2. Gilda Murcian Salad
Ingredients
- 4 large black olives
- 4 tablespoons of Murcian salad: chopped tomato, onion and hard-boiled quail egg
- 4 anchovy fillets
- 4 anchovy fillets
- 1 slice of lemon for each stuffed olive
- 4 small “marineras” (bottom of bread or thin toast)
- Lemon and black pepper to taste
- Chopsticks for assembling the gildas
How to prepare Gilda de Murcia
- Fill each black olive with a piece of lemon.
- Arrange a “marriage” of anchovies and anchovies on top.
- Add a little of the Murcian salad mix to each olive.
- Assemble the gilda by threading all the elements onto a toothpick and placing it on the marinera.
- Finish with a squeeze of lemon and a touch of black pepper.
- Serve cold.
3. Navarrese Gilda with chistorra and Roncal cheese with pacharán
Ingredients
- 4 cooked white asparagus
- 4 strips of sausage
- 4 pieces of Roncal cheese
- 4 roasted piquillo peppers
- 4 anchovy fillets
- Pacharán (to marinate cheese)
- 4 large olives
- Chopsticks for assembling the gildas
How to prepare Gilda Navarrais
- Marinate the Roncal cheese in the pacharán for a few hours to intensify its flavor.
- Cook the chistorra until golden and juicy.
- Wrap each piece of marinated cheese in a piquillo pepper.
- Thread the white asparagus, chistorra, olive, rolled cheese and anchovy onto a toothpick.
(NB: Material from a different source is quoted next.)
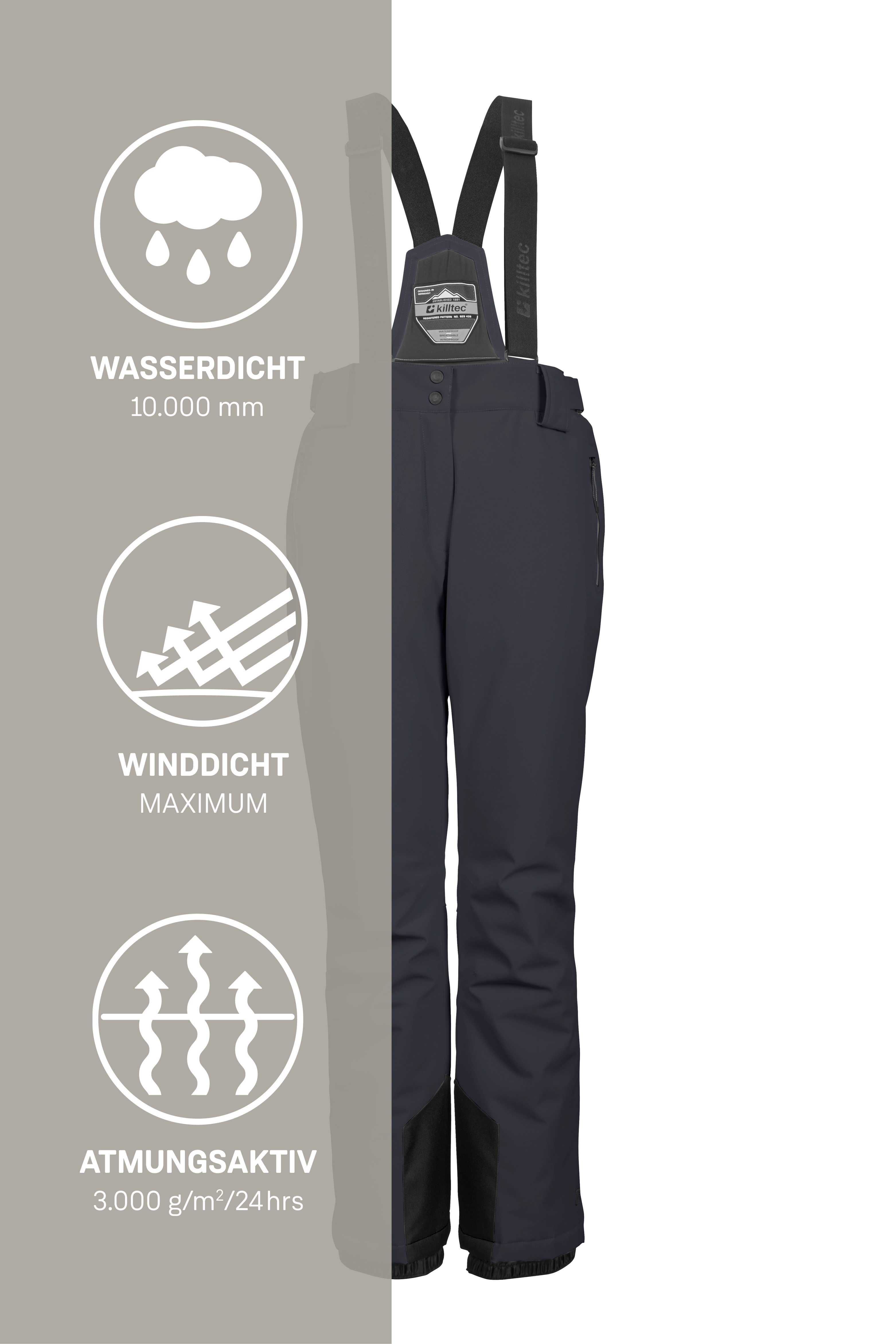 Mit der killtec Damen Skihose sind dem Wintersportvergnügen keine Grenzen gesetzt. Die Hose hat verschweißte Nähte und ist wind- und wasserdicht mit einer Wassersäule von 10.000 mm. Die Beschichtung sorgt für einen guten Ausgleich zwischen Isolation und Atmungsaktivität. Die Taillenweite lässt sich mithilfe von Klettverschlüssen regulieren und die verstellbaren Träger sind bei Bedarf abnehmbar. Schneefänge an den Hosenbeinen verhindern das Eindringen von Nässe. Zudem ist die Hose mit zwei Zippertaschen sowie einem Kantenschutz an den Beinabschlüssen ausgestattet. Die Reißverschlüsse an den Beinabschlüssen erleichtern außerdem das An- und Ausziehen. Diese Skihose wurde PFAs-frei imprägniert.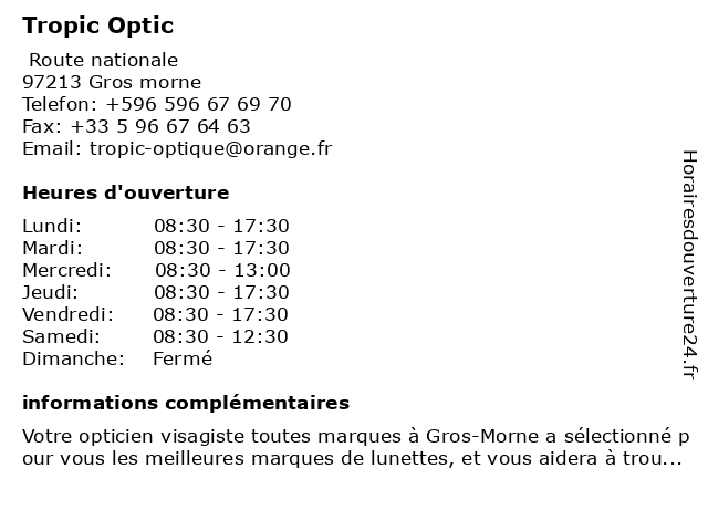 1 Opticien Optic 2000 La Trinité - Lunettes, lunettes de soleil, lentilles (Distance: 5,53 km) 13 rue Victor Hugo, 97220 LA TRINITE 2000, de, la, lentilles, lentilles de contact, lunettes, lunettes de soleil, lunettes de vue, optic, optic2000, opticien, opticien optic2000, ray-ban, rayban, soleil, trinité 2 Optic 2000 - Opticien Sainte-Marie (Distance: 7,99 km) Chemin Rural de l'Alliance, 97230 Sainte-Marie 2000, lentilles de contact, lunettes de soleil, lunettes de vue, marie, optic, optic2000, opticien, opticien optic2000, ray-ban, rayban, sainte 4 Optic 2000 - Opticien Fort De France (Distance: 11,63 km) Rocade, 97200 Fort-de-France 2000, de, fort, france, lentilles de contact, lunettes de soleil, lunettes de vue, optic, optic2000, opticien, opticien optic2000, ray-ban, rayban 5 Opticien Optic 2000 Fort-de-France - Lunettes, lunettes de soleil, lentilles (Distance: 13,44 km) 50-52 rue Victor Schoelcher, 97200 FORT-DE-FRANCE 2000, de, fort, france, lentilles, lentilles de contact, lunettes, lunettes de soleil, lunettes de vue, optic, optic2000, opticien, opticien optic2000, ray-ban, rayban, soleil 6 |

- Serve each Gilda on an elegant plate.
4. Galician Gilda with octopus and Padrón peppers
Ingredients
- 4 Padrón peppers
- 4 pieces of cooked octopus
- 4 pipares
- 4 green olives
- 4 anchovy fillets
- Olive oil
- 1 clove of garlic
- Sweet or spicy paprika to taste
- Chopsticks for assembling the gildas
How to prepare Galician Gilda:
- Cook the Padrón peppers over high heat until golden and lightly charred.
- Prepare a flavored oil by crushing the garlic and mixing it with olive oil and a pinch of paprika.
- Thread the peppers, a piece of octopus, piparra, olive and anchovy onto each toothpick.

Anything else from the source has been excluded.